La question fondamentale reste cependant de savoir quelle doit être l’attitude du citoyen d’ici à l’égard du citoyen d’ailleurs qui arrive en France pour y vivre un temps plus ou moins long ou qui, victime de persécutions ou exposé à des menaces graves dans son pays demande la protection de la République (12). Si le droit de résidence ou d’asile ne saurait être regardé comme un droit absolu, il importe de considérer la coexistence du national et de l’étranger de manière féconde pour l’un et pour l’autre dans la confrontation de leurs singularités. Aucun d’eux ne peut a priori ériger ses propres principes en valeurs universelles quand bien même en seraient-ils convaincus, mais l’un et l’autre doivent tendre sincèrement à la même recherche d’universalité. Cela ne conduit pas à la remise en cause de l’État-nation, creuset naturel de formation de la citoyenneté. En France, la conception de l’intérêt général et la notion de service public, l’affirmation du principe d’égalité qui avec le droit du sol définit notre modèle d’intégration, une éthique de responsabilité que fonde le principe de laïcité sont autant de valeurs constitutives du pacte républicain que nous défendons légitimement comme valeurs à vocation universelle (13). Elles rencontrent naturellement les valeurs de l’étranger, certaines étant partagées d’autre pas. Si le recours à la notion d’ordre public est inévitable, elle ne saurait cependant entraver le processus de différenciation-convergence dans lequel se forment conjointement droit de cité et droit d’asile.

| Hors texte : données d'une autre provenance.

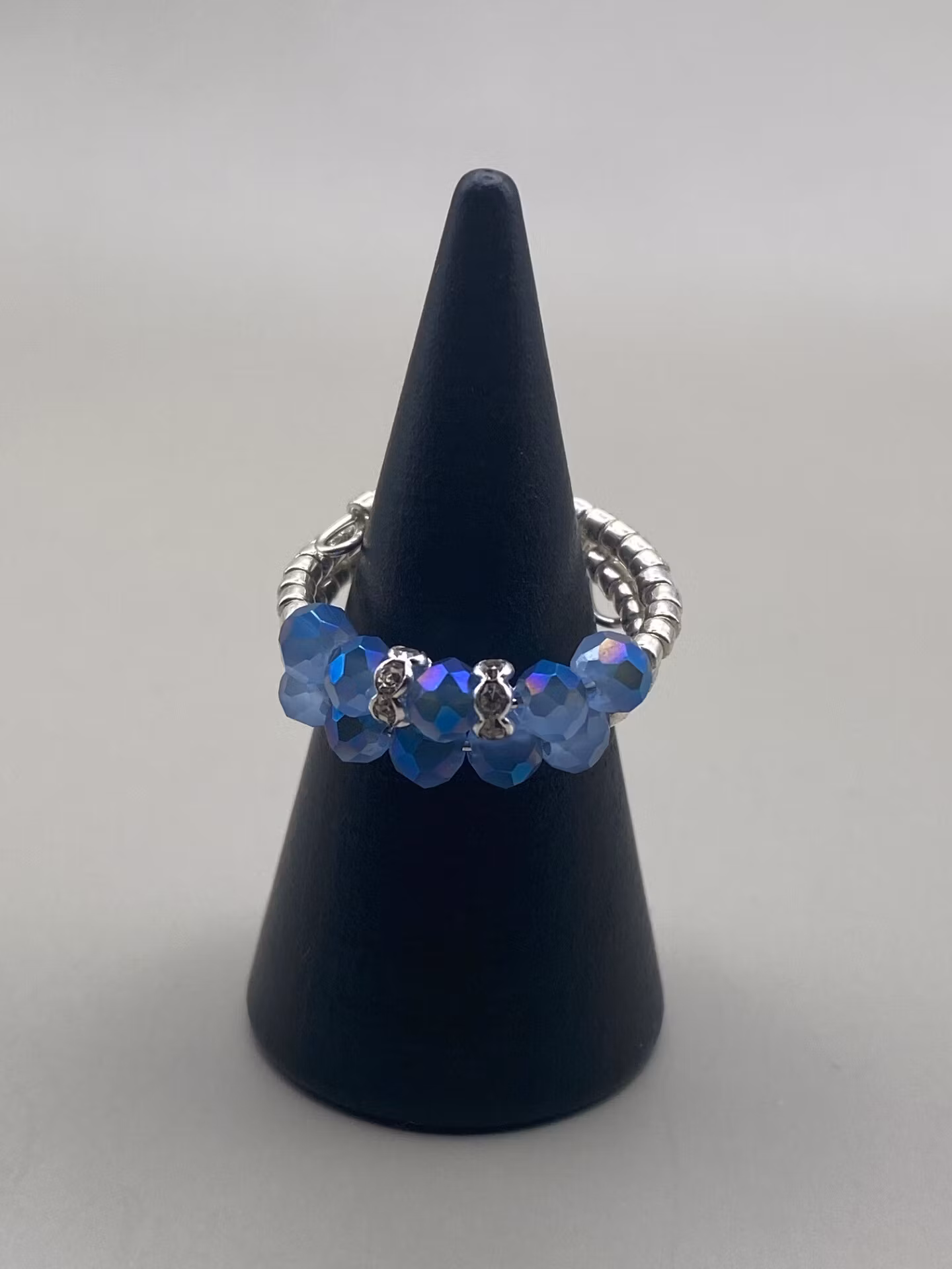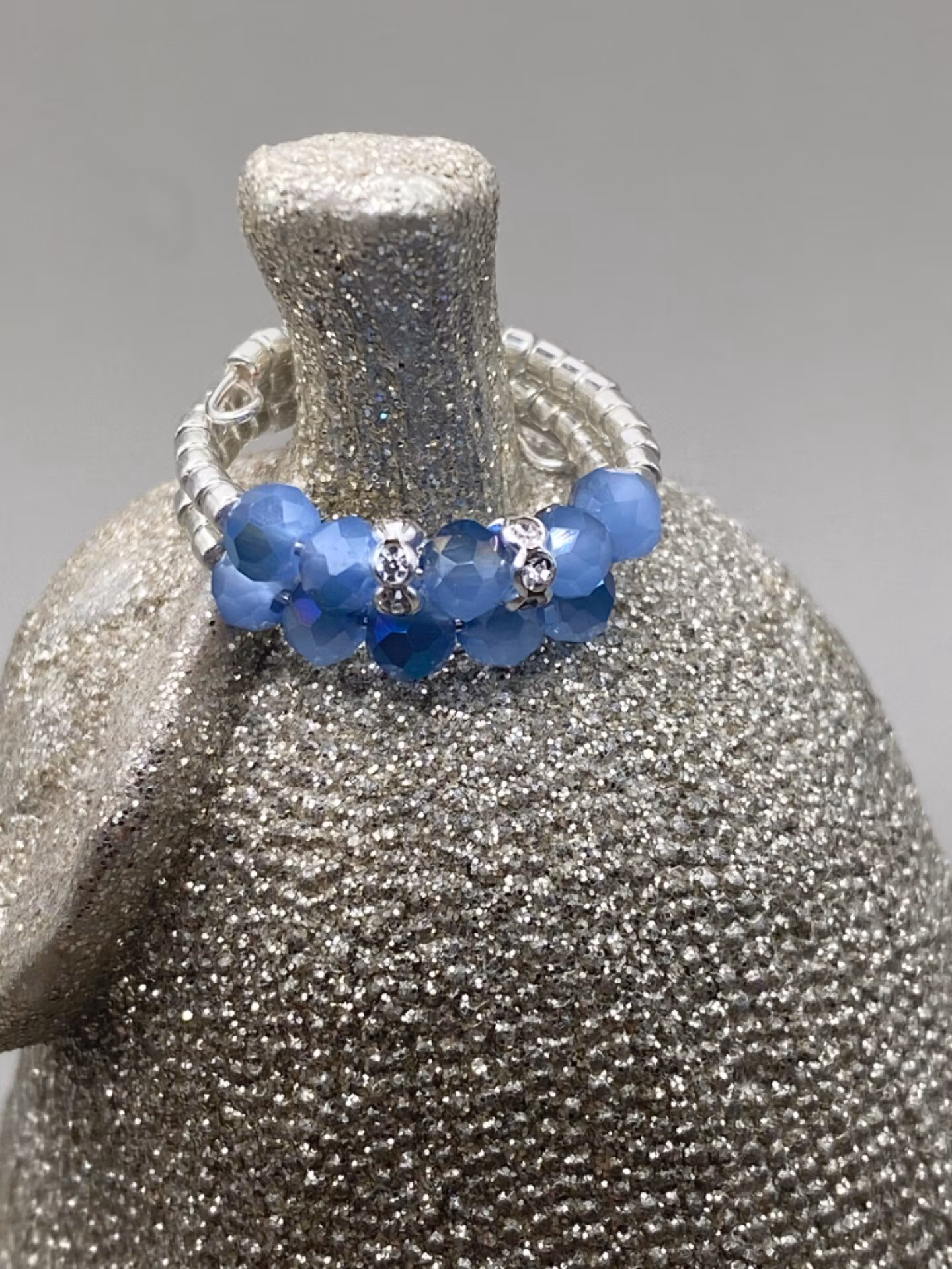Stilig ring i tvåradigt mönster av små silverfärgade glaspärlor runt om, blåmellerade glaspärlor och strassdetaljer i blickfånget.

La conduite des politiques d’immigration et d’asile suppose une bonne connaissance des faits migratoires et de leur dynamique, mais elle est avant tout guidée par des principes qu’il incombe à chaque État-nation de définir en conformité avec son histoire et l’état réel de la société qu’il organise. Aucune recherche ne peut se dispenser d’une inspiration nourrie des principes qui la guident et qu’elle organise en thèmes politiques. C’est ainsi que les recherches qui ont été rappelées dans les années 1970 entendaient répondre à des questions simples ayant une forte résonance dans l’opinion publique : les immigrés pèsent-ils excessivement dans le budget social de la nation ? prennent-ils le travail des nationaux où , à l’inverse, sont-ils un facteur de compétitivité de l’économie nationale ? l’envoi de leurs économies dans leur pays d’origine déséquilibre-t-il la balance des paiements de notre pays ? Pour l’essentiel ces thèmes demeurent d’actualité et nourrissent une part du débat politique à travers des expressions comme celles de l’ « immigration choisie » ou la création d’un ministère de l’Immigration, de l’Intégration, de l’Identité nationale et du Développement solidaire. On pourrait en déduire que les questions de l’immigration et de l’asile ont apparemment été prises en compte au niveau le plus élevé afin d’être traité avec tout le sérieux que nécessitent des problèmes aussi importants. On peu en douter car on ne reconnaît pas dans les décisions prises au cours de la dernière période la tradition de la France terre d’asile ni une prise en compte réfléchie du recours à l’immigration comme facteur de développement national et de coopération internationale. Il s’ensuit un délaissement des méthodes qui permettraient l’articulation intelligente des principes et de la démarche scientifique d’investigation de ces phénomènes imbriquant économie, sociologie et politique. Pour la même raison, la statistique de l’immigration et de l’asile demeure largement segmentée dans ses différentes sources administratives. Dans ce domaine comme en d’autres on peut constater que, non seulement il n’y a pas contradiction entre l’affirmation idéologique de principes républicains, le développement de méthodes scientifiques d’analyse et de prévision et la production de statistiques pertinentes, mais que ces éléments progressent naturellement ensemble. Reste à en tirer les conséquences.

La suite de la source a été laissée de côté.